Generating esm-datastore...
Datastore successfully written to $DIR/catalog.json!

# Try to generate a datastore for the experiment which we just catalogued
$ generate-esm-datastore --builder AccessOm2Builder --experiment-dir $DIR 

esm-datastore found in $DIR, verifying datastore integrity...
Datastore integrity verified, aborting build

# Move the experiment datastore & catalogue (ie. off scratch)
$ cp -r $DIR $NEWDIR && cd $NEWDIR
$ generate-esm-datastore --builder AccessOm2Builder --experiment-dir $NEWDIR 

esm-datastore found in $NEWDIR, verifying datastore integrity...
Datastore broken due to path inconsistency, regenerating datastore...
Datastore successfully written to $NEWDIR/catalog.json!

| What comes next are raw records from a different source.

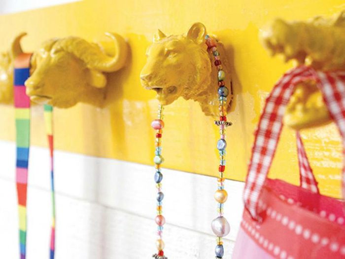 Из ненужных пластиковых фигурок зверей можно сделать оригинальную вешалку для прихожей.
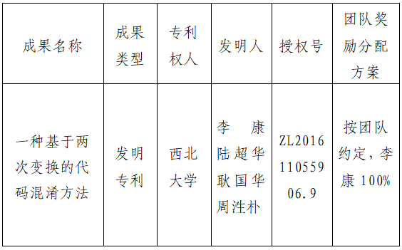 按照《乐投平台促进科技成果转化实施办法》(西大科〔2019〕5号)相关规定,拟对乐投(中国)一站式服务平台计算机学院李康教授作为成果负责人的1项发明专利权实施转化,现将相关信息公示如下:
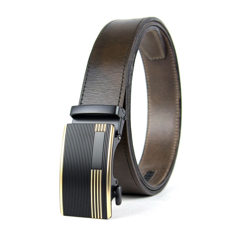 Luxusný kožený opasok s automatickou prackou, vyrobený z pravej talianskej kože. Elegantná olivová farba a nadčasový moderný dizajn pôsobia štýlovo, sofistikovane a veľmi vkusne. Tento opasok je ideálnym doplnkom k obleku aj k casual outfitom a zaručuje komfort a presné nastavenie počas celého dňa.
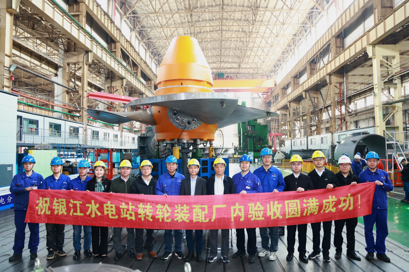 轉輪是水力發電機組的核心部件之一。銀江水電站安裝有6臺單機容量為6.5萬千瓦的水輪發電機組,所采用的轉輪具有設計難度大、制造難度高等特點。為確保銀江水電站的工程建設進度,27日當天,在哈電集團哈爾濱電機廠內,驗收組依據設計圖紙、技術規范及行業標準,對轉輪本體尺寸精度、焊縫質量、動平衡試驗數據、槳葉預裝配合度等12項核心技術指標進行了現場實測與資料復核。經多維度綜合評定,轉輪裝配各項技術參數均符合設計規范要求,設備制造質量達到優良標準,交貨進度滿足項目節點計劃,順利完成驗收。

From within python, we could then have a convenience function that looks something like:

>>> from access_nri_intake import use_esm_datastore
>>> my_datastore_path = "/scratch/abc/xyz/etc/experiment_dir/"
# Generate a datastore for an experiment which hasn't been catalogued yet
>>> use_esm_datastore(experiment_dir = my_datastore_path)
Generating esm-datastore...
No builder supplied - please supply one of `AccessOm2Builder`,...

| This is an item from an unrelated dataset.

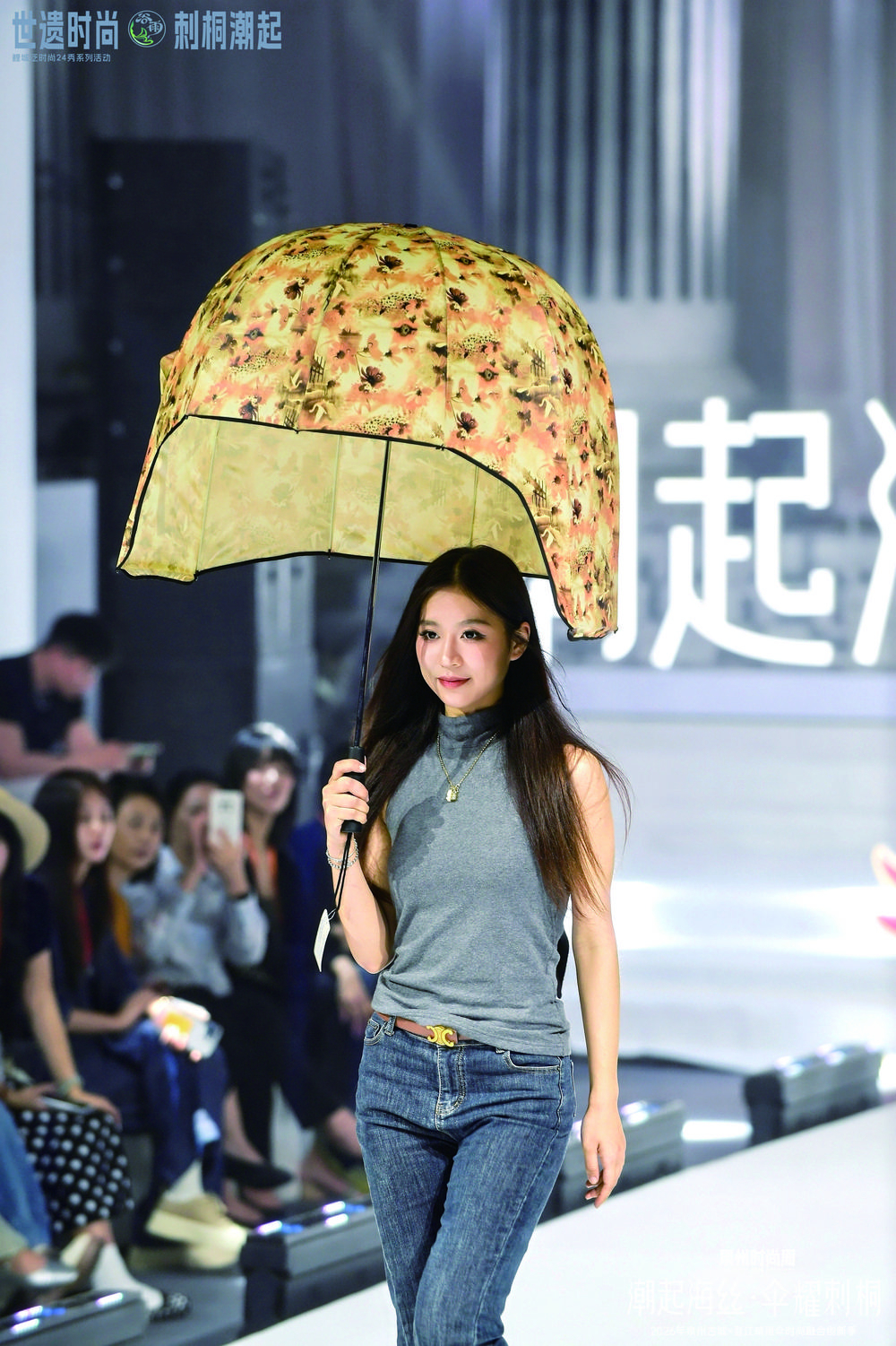 当晚,侨光电影院门前T型舞台上,模特们手持设计精巧、风格各异的晋江晴雨伞款款而行。这些伞具不再是单纯的遮阳挡雨工具,而是融入海丝文化、闽南元素和现代时尚语境的匠心之作。“当晋江晴雨伞遇上泉州古城,当传统产业邂逅文旅热潮,我们找到了产业升级的新路径——推动文旅与传统优势产业深度融合,让每一把晋江伞成为承载海丝文化、彰显刺桐魅力的载体,成为代表泉州、代表晋江的城市符号。”晋江市伞业行业协会会长王翔鹏表示。
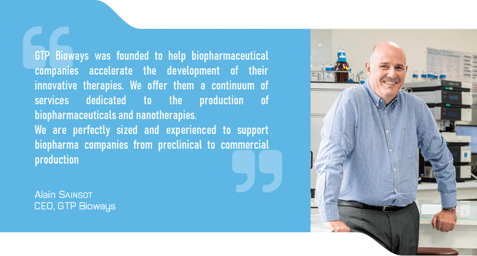 GTP Bioways was founded and is led by Alain Sainsot, previously Industrial Director and Director of Group Operations and Logistics at Pierre Fabre, and President of Amatsigroup.

>>> esm_ds = use_esm_datastore(experiment_dir = my_datastore_path, builder = AccessOm2Builder)
Generating esm-datastore...
Datastore successfully written to /scratch/abc/xyz/etc/experiment_dir/catalog.json!

>>> esm_ds
$EXPERIMENT_NAME datastore with $X dataset(s) from $Y asset(s):

# Run it again on the same dir:
>>> esm_ds = use_esm_datastore(experiment_dir = my_datastore_path, builder = AccessOm2Builder)
esm-datastore found in /scratch/abc/xyz/etc/experiment_dir/, verifying datastore integrity...
Datastore integrity verified, aborting build

# Move it, run again
!cp -r $DIR $NEWDIR
>>> my_new_datastore_path = "/home/abc/xyz/etc/experiment_dir/"
>>> esm_ds = use_esm_datastore(experiment_dir = my_new_datastore_path, builder = AccessOm2Builder)
esm-datastore found in /home/abc/xyz/etc/experiment_dir/, verifying datastore integrity...
Datastore broken due to path inconsistency, regenerating datastore...
Datastore successfully written to /home/abc/xyz/etc/experiment_dir/catalog.json!

>>> esm_ds
$EXPERIMENT_NAME datastore with $X dataset(s) from $Y asset(s):

@chrisb13 @anton-seaice are you able to confirm this is the sort of functionality we're after?

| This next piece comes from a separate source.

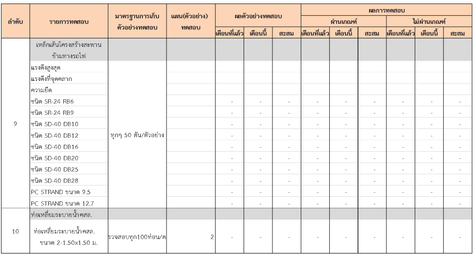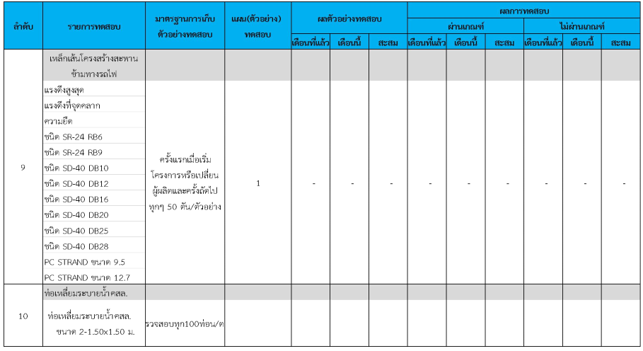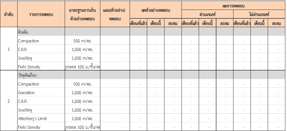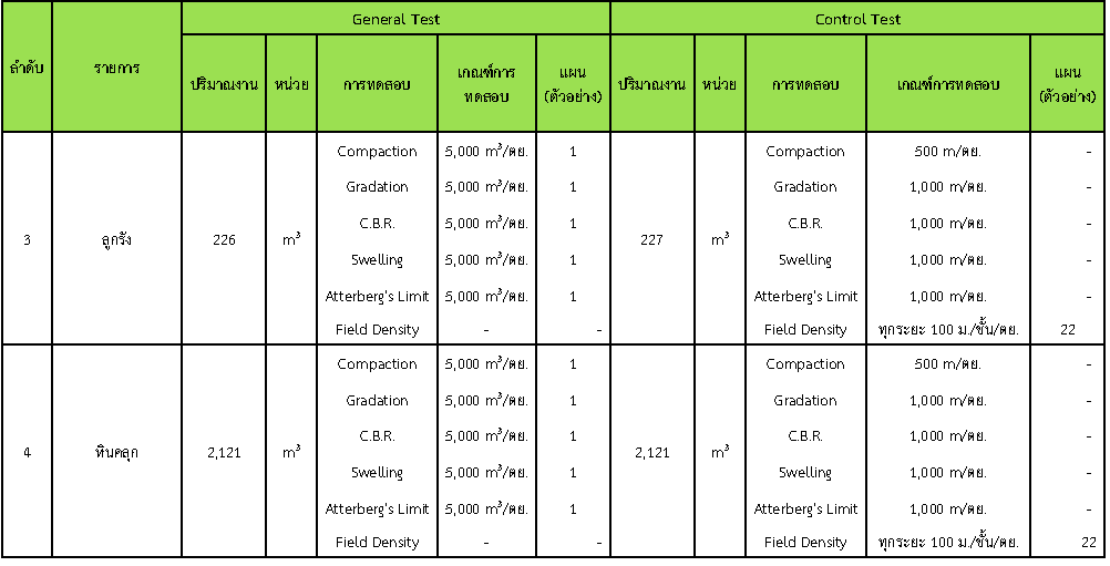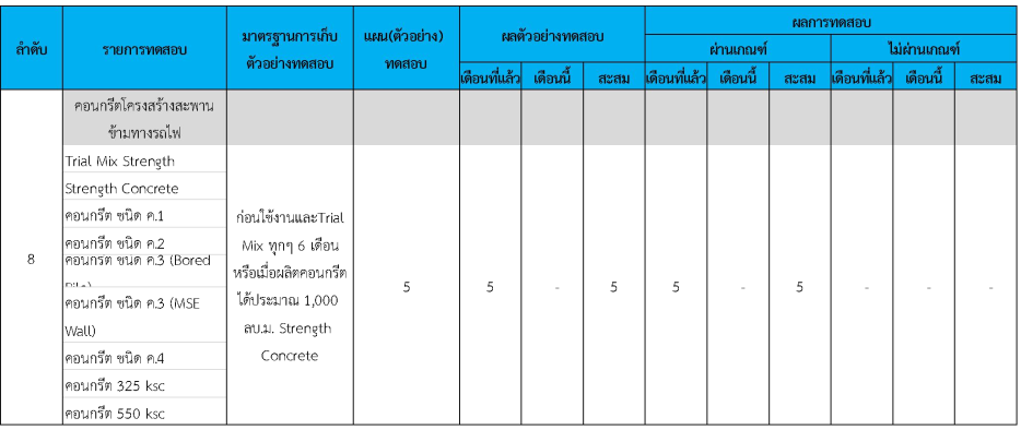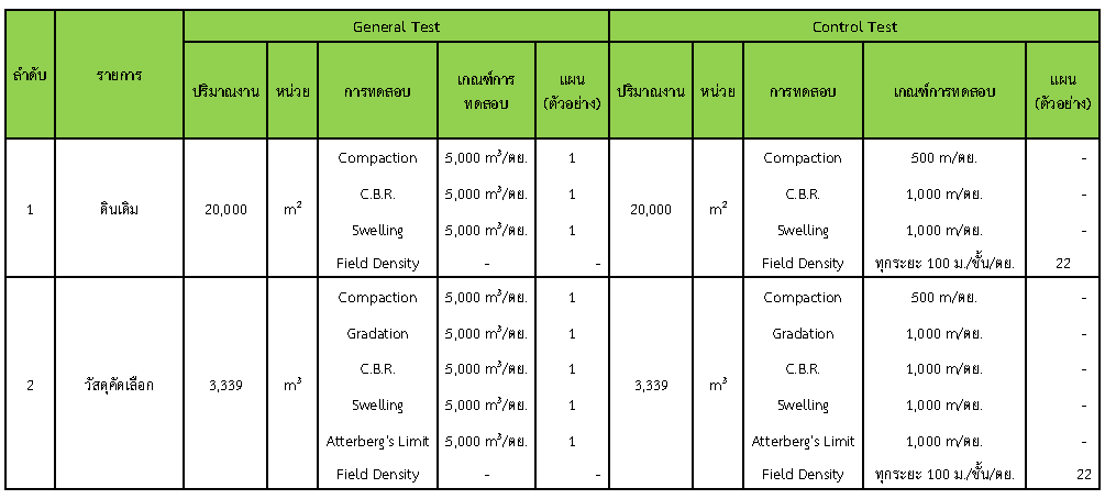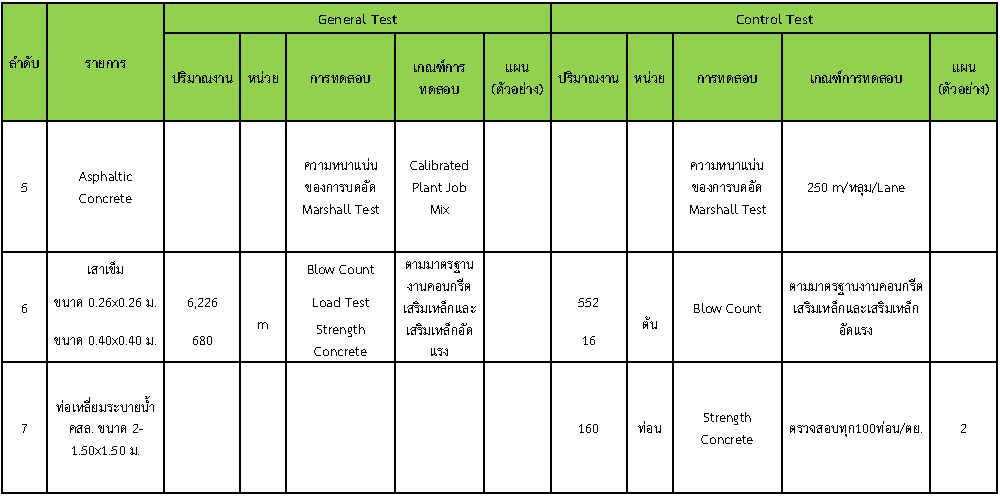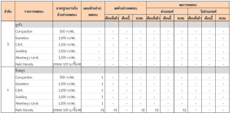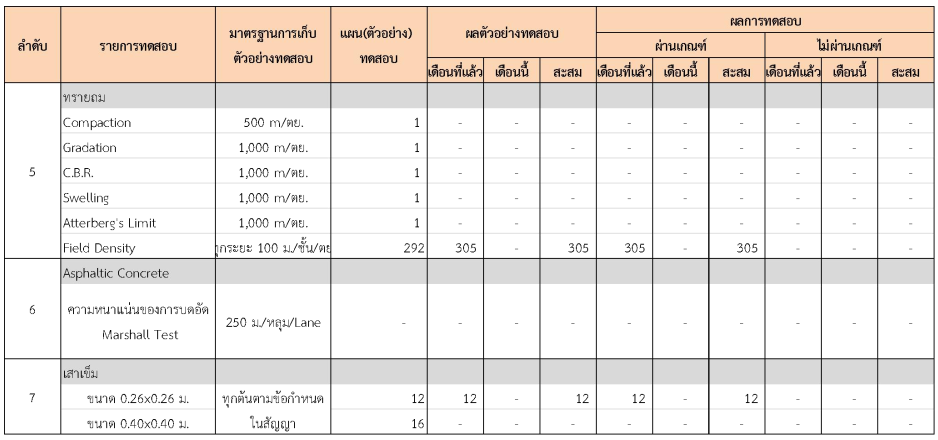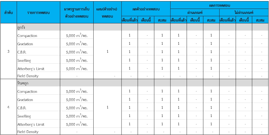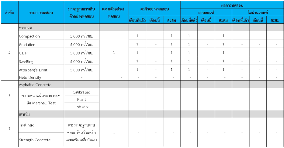 ในระหว่างวันที่ 1- 31 กรกฏาคม 2562 ผู้ว่าจ้างได้เสนอหนังสือขออนุมัติใช้วัสดุถึงที่ปรึกษา โดยที่ปรึกษาได้ตรวจสอบวัสดุดังกล่าวมีผลทดสอบดังตาราง

The text was updated successfully, but these errors were encountered:

marc-white · 2024-11-28T00:47:26Z

I like this idea, with a few things related to the wider access-nri-intake-catalog ecosystem:

We need to be super-explicit to users that running generate-esm-datastore won't add the experiment to access-nri-intake-catalog
On the flip side, it would be cool if part of the output of generate-esm-datastore is the instructions for getting the experiment added to access-nri-intake-catalog, including auto-generating the lines that would need to be added to the config YAML
Users may also appreciate it if the output of generate-esm-datastore gives them the basic Python command they need to open the datastore

anton-seaice · 2024-11-29T03:11:01Z

Thanks @charles-turner-1

I think the builder can be determined automatically from the model field in metadata.yaml

The logic about determining if you need a new intake-esm datastore or not may be as complicated as building a new datastore. For example, if the datastore is generated everytime the model is run, then everytime a model run is extended, the datastore ends up out of date.

charles-turner-1 · 2024-12-01T22:46:29Z

Cheers for the feedback @anton-seaice. Couple of things just to clarify:

I think the builder can be determined automatically from the model field in metadata.yaml

This would only be in the case of regenerating a datastore right - I'm assuming the metadata.yaml in this instance is the one that gets created as part of the catalog? I think it should be straightforward to implement regeneration without specifying a builder.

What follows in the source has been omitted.